Hackers,
While reading through [1] I saw there were two instances where
backup_label was removed to achieve a "successful" restore. This might
work on trivial test restores but is an invitation to (silent) disaster
in a production environment where the checkpoint stored in backup_label
is almost certain to be earlier than the one stored in pg_control.
A while back I had an idea on how to prevent this so I decided to give
it a try. Basically, before writing pg_control to the backup I set
checkpoint to 0xFFFFFFFFFFFFFFFF.
Recovery worked perfectly as long as backup_label was present and failed
hard when it was not:
LOG: invalid primary checkpoint record
PANIC: could not locate a valid checkpoint record
It's not a very good message, but at least the foot gun has been
removed.
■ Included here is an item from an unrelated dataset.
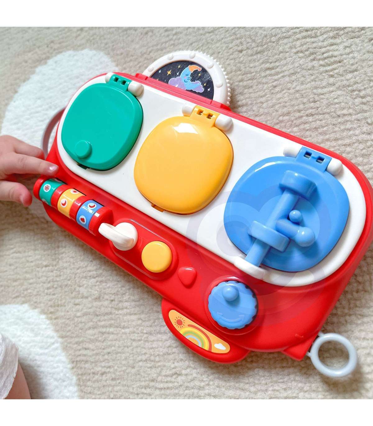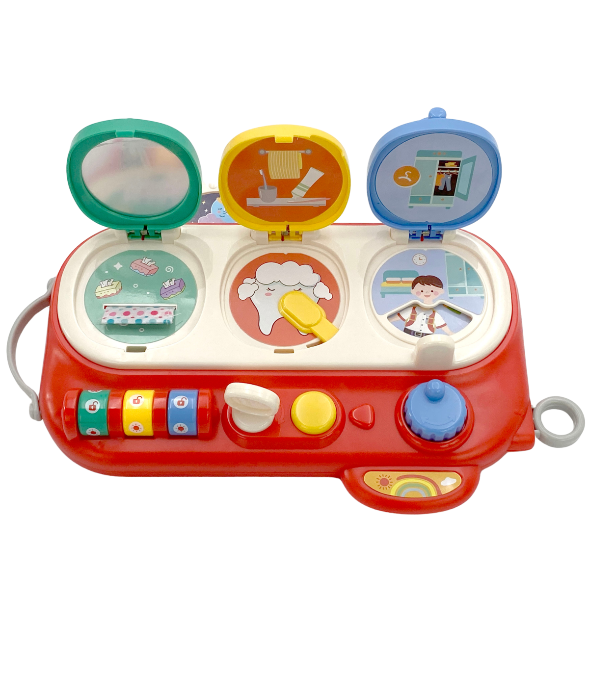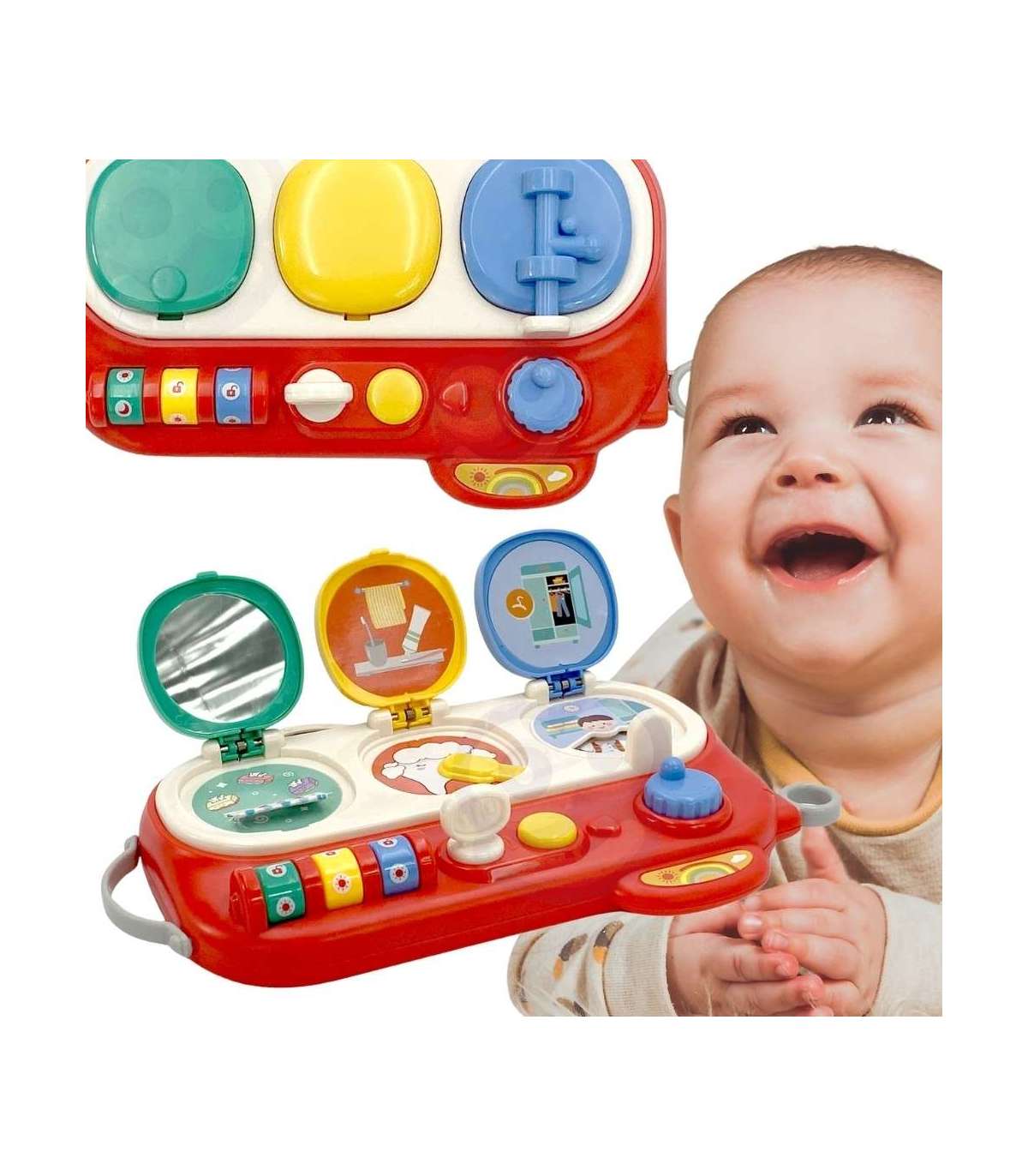 Открой и Проверь — это необычайно интересная обучающая интерактивная игрушка, которая развивает мелкую моторику, зрительные навыки и учит причинно-следственному мышлению. Три разноцветных окошка-сюрприза вовлекают ребёнка в игру и в исследование новых возможностей. Зелёное окошко открывается с помощью кода — при открытии малыш обнаруживает цветные платочки. Жёлтое окошко открывается ключиком — внутри изображение зуба и подвижная зубная щётка. Синее окошко, открываемое кнопкой и поворотным механизмом, показывает мальчика и поле с одеждой для переодевания. Благодаря разнообразным активностям ребёнок нажимает, вращает и сдвигает элементы, развивая свои ручные навыки, воображение и креативность.

We could use this as a special value to give a better message,
and maybe use something a bit more unique like 0xFFFFFFFFFADEFADE (or
whatever) as the value.
This is all easy enough for pg_basebackup to do, but will certainly be
non-trivial for most backup software to implement. In [2] we have
discussed perhaps returning pg_control from pg_backup_stop() for the
backup software to save, or it could become part of the backup_label
(encoded as hex or base64, presumably). I prefer the latter as this
means less work for the backup software (except for the need to exclude
pg_control from the backup).
I don't have a patch for this yet because I did not test this idea using
pg_basebackup, but I'll be happy to work up a patch if there is interest.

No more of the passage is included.